In his address on Thursday, Putin also said Russia would continue mass production of air-based hypersonic Kinzhal systems and start mass supplies of sea-based Zircon hypersonic missiles.

“With the adoption of the Borei-A nuclear-powered submarine project Emperor Alexander III into the navy, the share of modern weapons and equipment in the naval strategic nuclear forces will reach 100 percent,” Putin said.

“In the coming years, three more cruisers of this project will replenish the fleet’s combat strength,” he said.

The Emperor Alexander III was launched in late December. It is the seventh Borei-A class submarine – which can each carry 16 Bulava submarine-launched ballistic missiles.

Putin also said Russia would develop all parts of its conventional armed forces, improve training, add advanced equipment, bolster the arms industry and promote soldiers who had proven themselves in battle.

“A modern, efficient army and navy are a guarantee of the country’s security and sovereignty, a guarantee of its stable development and its future,” Putin said.
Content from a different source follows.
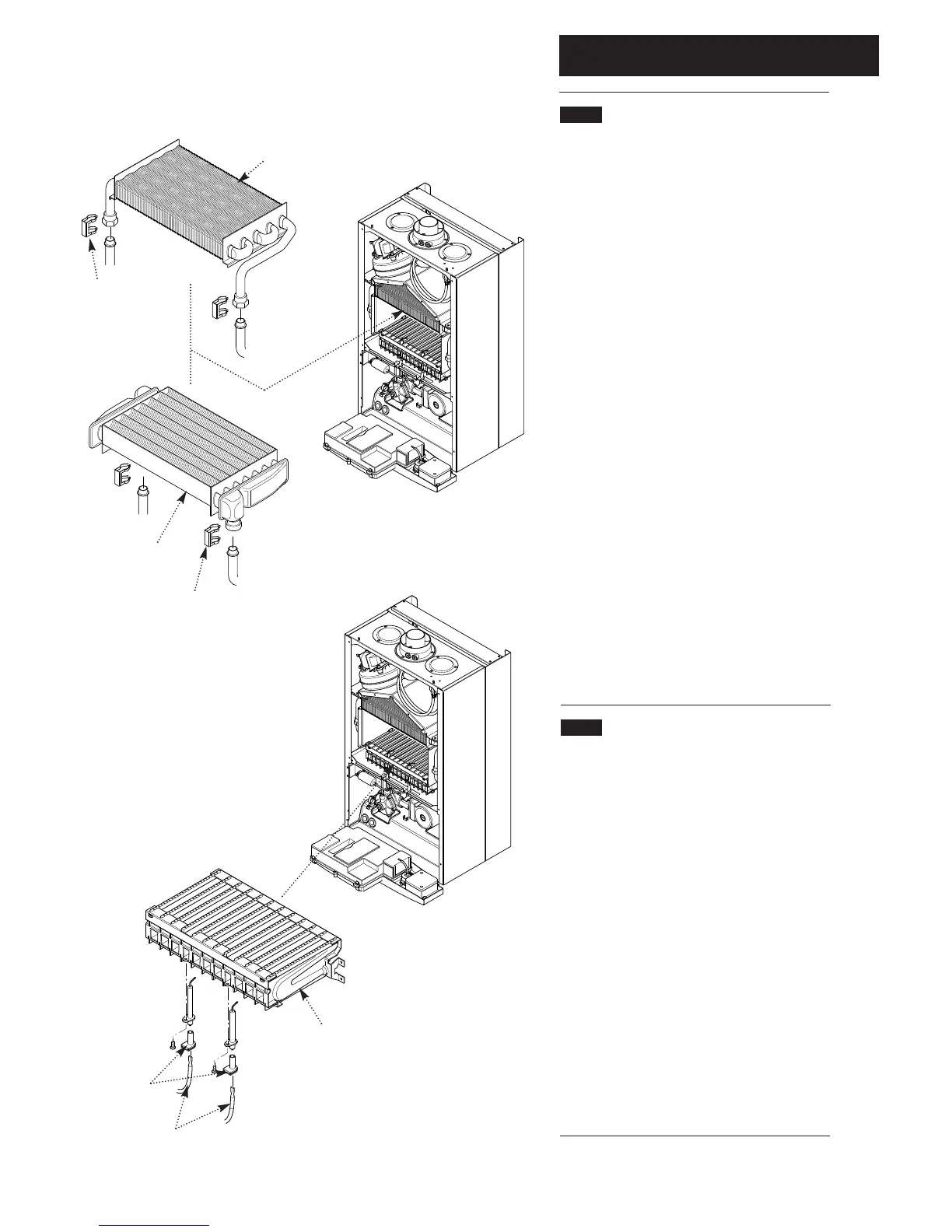7. Lift the heat exchanger to disconnect the flow

“Therefore, we will continue to pay priority attention to strengthening our defence capability.”

As part of a supposed “special military operation,” Russian tanks entered Ukraine on February 24, 2022, hoping for an easy triumph.

Yet, Ukraine has resisted tenaciously, and the conflict has dragged on into a standstill, killing thousands of civilians and inflicting an estimated 150,000 deaths on both sides, according to various Western sources.